AIM OF THE TASK:
Nothing but an exact copy is asked for: the lines in the material below from the one with "課程伊始,楊老師通過多媒體課" through the one with "- Immunofluorescent analysis", pictures excluded.

DATASET CONTENT:
= = = = =
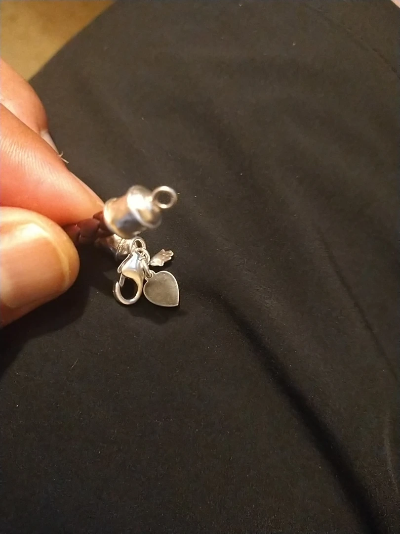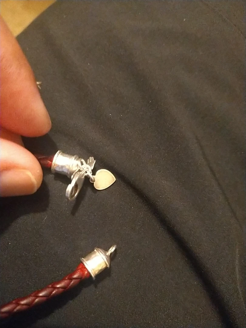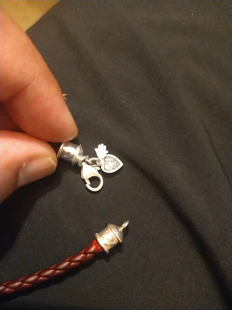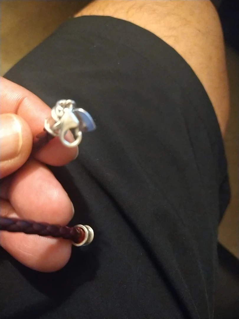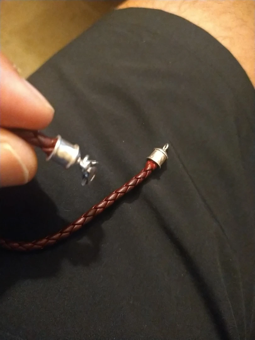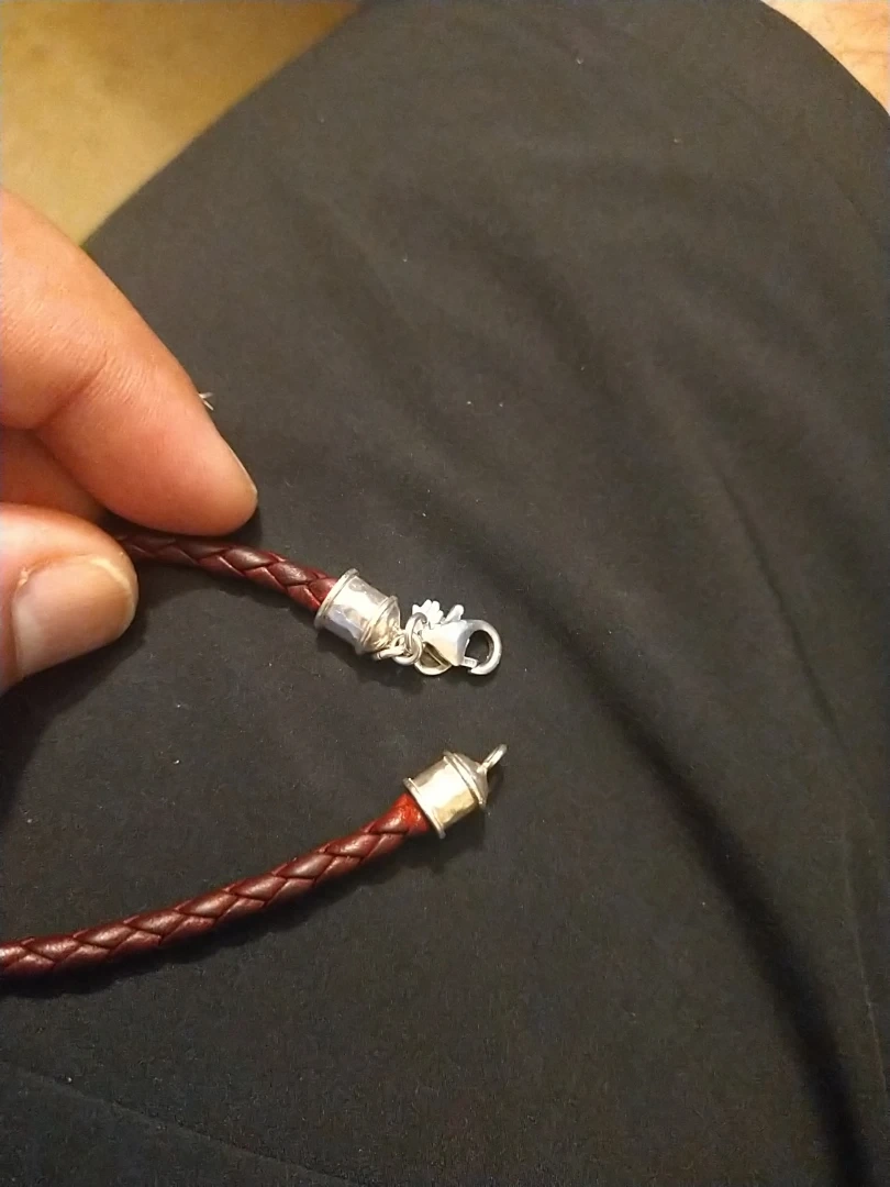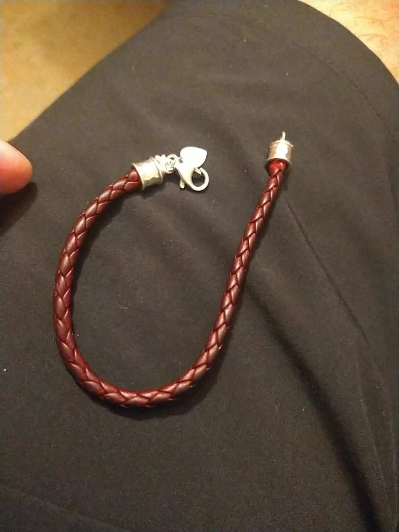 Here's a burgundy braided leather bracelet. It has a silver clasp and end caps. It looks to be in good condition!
= = = = =
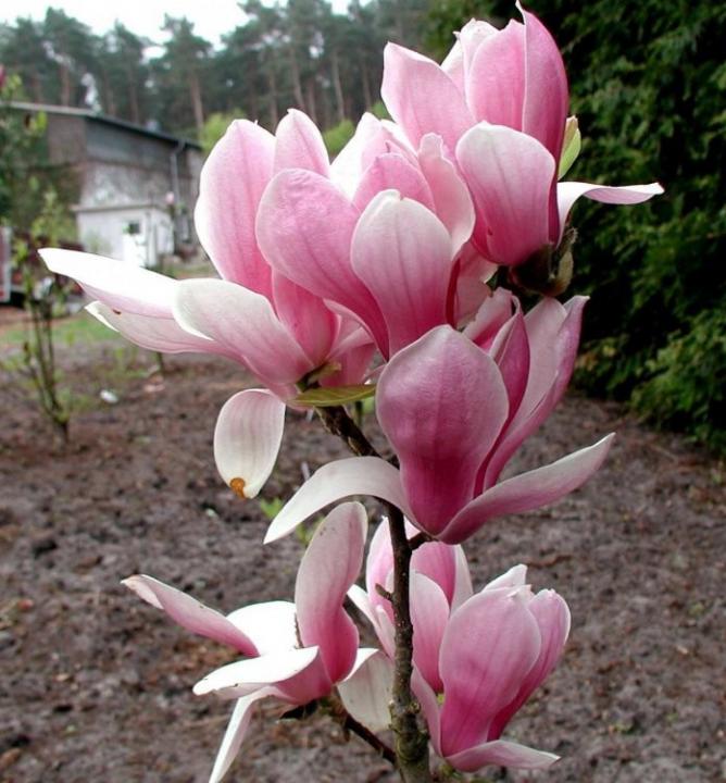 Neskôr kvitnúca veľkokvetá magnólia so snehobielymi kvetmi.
= = = = =
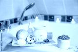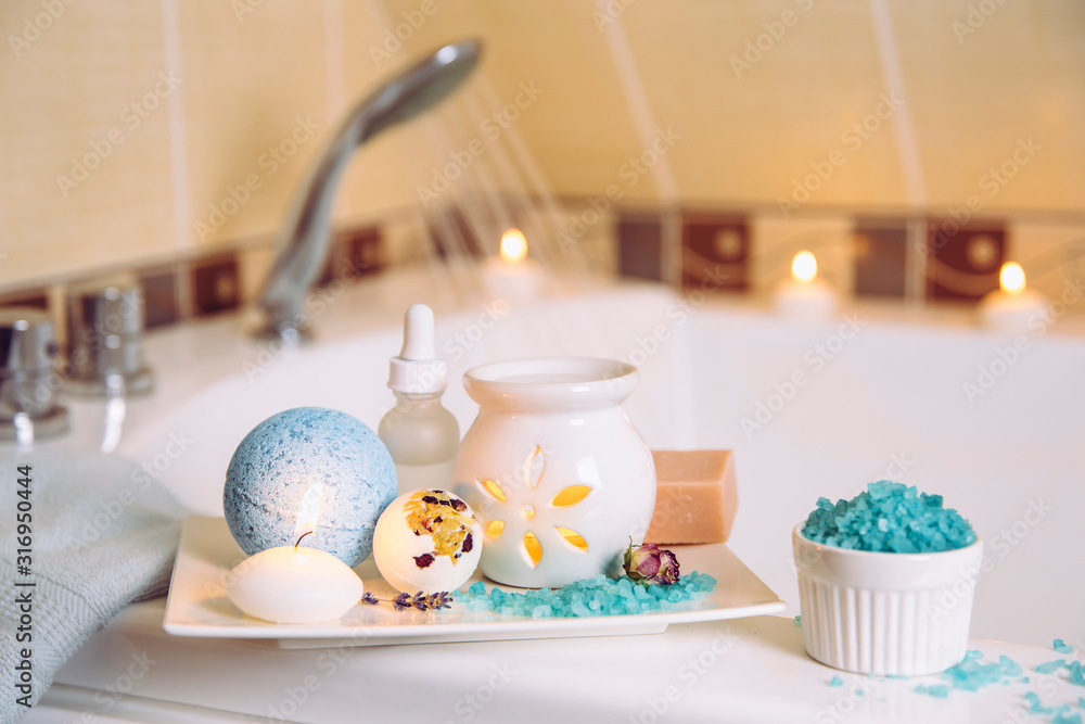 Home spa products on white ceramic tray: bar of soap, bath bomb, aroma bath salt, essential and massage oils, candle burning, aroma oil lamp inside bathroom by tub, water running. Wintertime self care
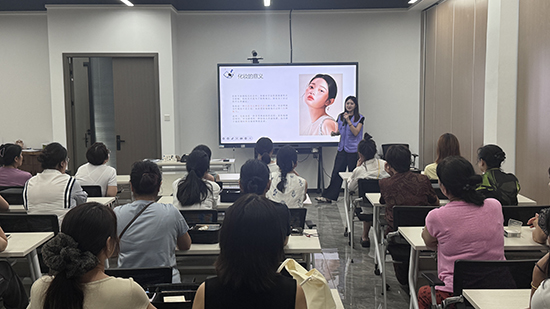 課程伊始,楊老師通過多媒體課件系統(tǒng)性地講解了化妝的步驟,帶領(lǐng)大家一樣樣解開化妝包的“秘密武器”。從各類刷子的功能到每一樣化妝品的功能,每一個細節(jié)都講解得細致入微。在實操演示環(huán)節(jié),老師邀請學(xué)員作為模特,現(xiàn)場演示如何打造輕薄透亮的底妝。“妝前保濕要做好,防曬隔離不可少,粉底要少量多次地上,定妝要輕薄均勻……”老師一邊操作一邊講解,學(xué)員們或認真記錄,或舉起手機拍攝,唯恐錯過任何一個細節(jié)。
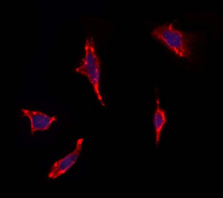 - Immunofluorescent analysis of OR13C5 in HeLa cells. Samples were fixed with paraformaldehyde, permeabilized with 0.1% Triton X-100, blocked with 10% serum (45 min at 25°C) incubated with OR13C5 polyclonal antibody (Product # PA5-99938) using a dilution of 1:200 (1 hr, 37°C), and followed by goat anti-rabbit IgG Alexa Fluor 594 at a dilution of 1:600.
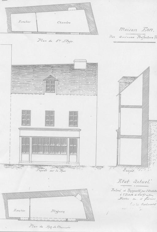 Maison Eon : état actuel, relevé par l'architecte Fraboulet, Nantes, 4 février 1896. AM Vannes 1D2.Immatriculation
= = = = =
EXPECTED ANSWER:
 課程伊始,楊老師通過多媒體課件系統(tǒng)性地講解了化妝的步驟,帶領(lǐng)大家一樣樣解開化妝包的“秘密武器”。從各類刷子的功能到每一樣化妝品的功能,每一個細節(jié)都講解得細致入微。在實操演示環(huán)節(jié),老師邀請學(xué)員作為模特,現(xiàn)場演示如何打造輕薄透亮的底妝。“妝前保濕要做好,防曬隔離不可少,粉底要少量多次地上,定妝要輕薄均勻……”老師一邊操作一邊講解,學(xué)員們或認真記錄,或舉起手機拍攝,唯恐錯過任何一個細節(jié)。
 - Immunofluorescent analysis of OR13C5 in HeLa cells. Samples were fixed with paraformaldehyde, permeabilized with 0.1% Triton X-100, blocked with 10% serum (45 min at 25°C) incubated with OR13C5 polyclonal antibody (Product # PA5-99938) using a dilution of 1:200 (1 hr, 37°C), and followed by goat anti-rabbit IgG Alexa Fluor 594 at a dilution of 1:600.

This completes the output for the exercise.